All Heart: Suffolk rallies for teen heart recipient

The Chalmers

Chaunta Chalmers did what she always did while Jasmine was in the hospital last year: she looked at her little girl (far too little, in fact—a teenager trapped in an eight-year-old’s body) and said, “We’re going to do the best with what we have. We’re going to make the best of a bad situation.”

The family was waiting on a new heart as Jasmine’s health plummeted, despite six open-heart surgeries and four cardiac catheterizations over the course of her short life. Her first, at three months, came after it was discovered that the infant girl had an unbalanced atrioventricular canal. In short, her heart only had one pump.

“We’re going to do the best with what we have. We’re going to make the best of a bad situation.”

On December 12, just a few weeks after sharing her story on Lifeline, Jasmine got her new heart.

It was a true gift for the family, whose last several years had been split between the Children’s Hospital of the King’s Daughters in Norfolk to University of Virginia in Charlottesville. The time apart from each other and the dwindling paid leave Chaunta had left was starting to wear the family down. Sure, Jasmine had a heart, but there was still a ways to go until life could achieve some semblance of normality.

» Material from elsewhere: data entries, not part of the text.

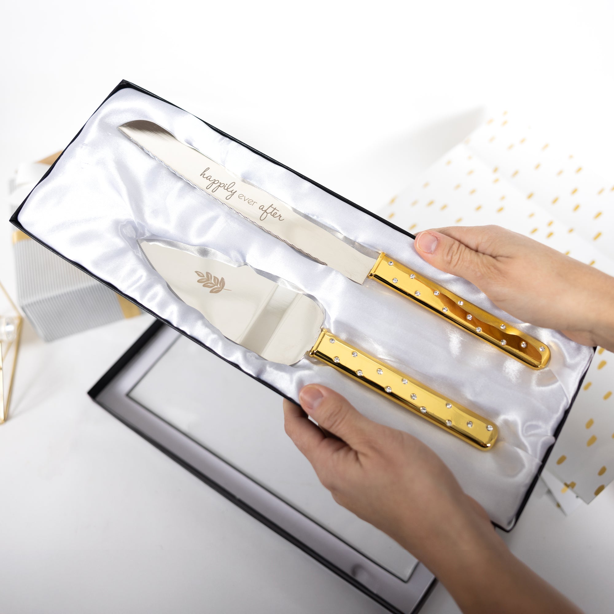 - IN-HOUSE DESIGN: The set’s gold handles and silver tops are meticulously designed with ridged edges. The cake server features a laser-engraved leaf design, and the knife is adorned with the laser-engraved phrase “happily ever after” in the silver area. These details create a sophisticated and personal touch perfect for special occasions.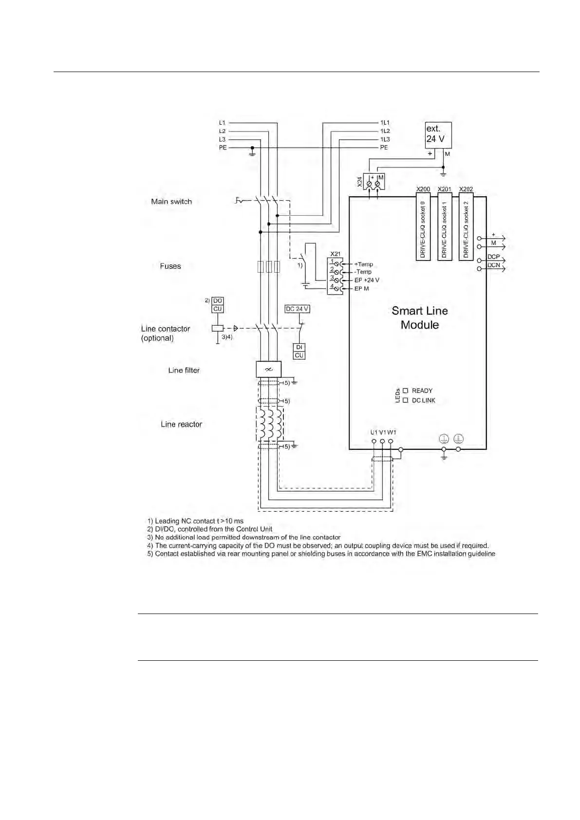 Figure 4-79 Connection example for 16 kW to 55 kW Smart Line Modules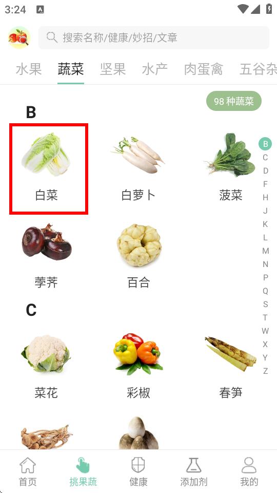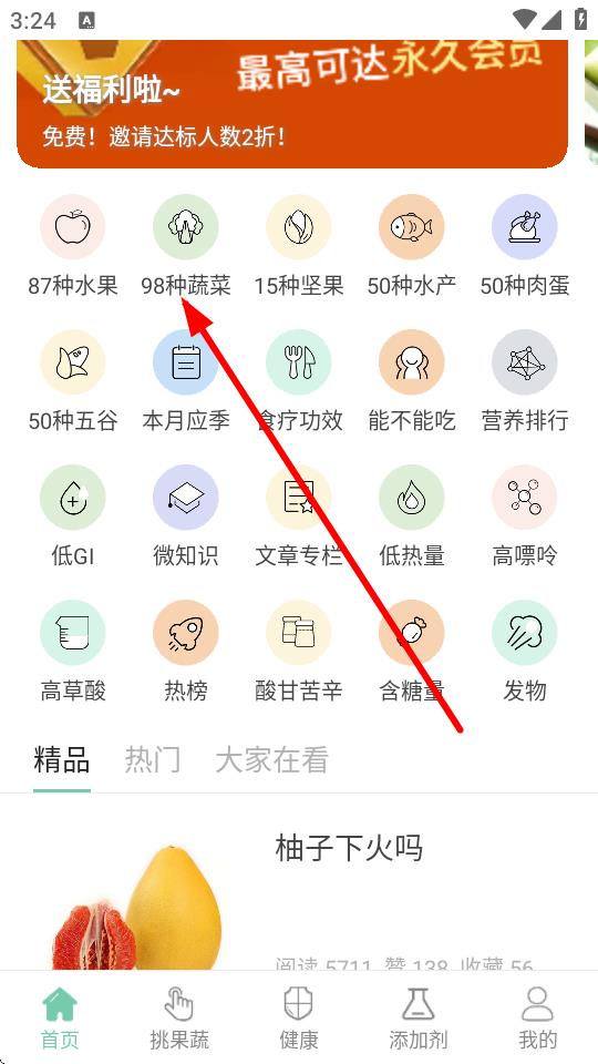 2、在首頁中點擊98種蔬菜,或者根據(jù)要挑選的產(chǎn)品類別,點擊87種水果、15種堅果等對應(yīng)類別。

Christmas loomed, but the Chalmers gave little thought to it. Making the best of a bad situation sometimes means not trying to tempt fate and being grateful for what you have. Right now, they had a daughter who was on the mend. Anything else was just icing on the cake.

Jasmine recovering in the hospital.

An outpouring of much-needed support

Soon after her surgery, the Suffolk Herald and the Virginian Pilot picked up Jasmine’s story, and people were transfixed by the cheerful, tiny teen who smiled brightly into the camera despite a life harder than many full-grown adults will ever experience. The phone began to ring.

First, Chaunta’s coworkers at the Virginia Department of Social Services presented hundreds of hours of volunteered leave hours for her to use to stay close with her daughter and not lose the wages her family needed.

Then, the officers at the Sheriff’s office put their heads together and came up with a plan to shop for the whole Chalmers family for Christmas.

Suddenly, it seemed like the rest of the community was wrapping their arms around Jasmine and their family. Their church raised a “love offering,” and Jasmine’s middle school’s guidance team organized a fundraiser that captivated her fellow students’ attention. The school was festooned with paper hearts, and a palpable buzz of excitement grew among the children. When the school announced the raised total, they also announced the even bigger news: Jasmine was getting her new heart. One counselor described the students’ reaction as a roar the got louder and louder as realization dawned.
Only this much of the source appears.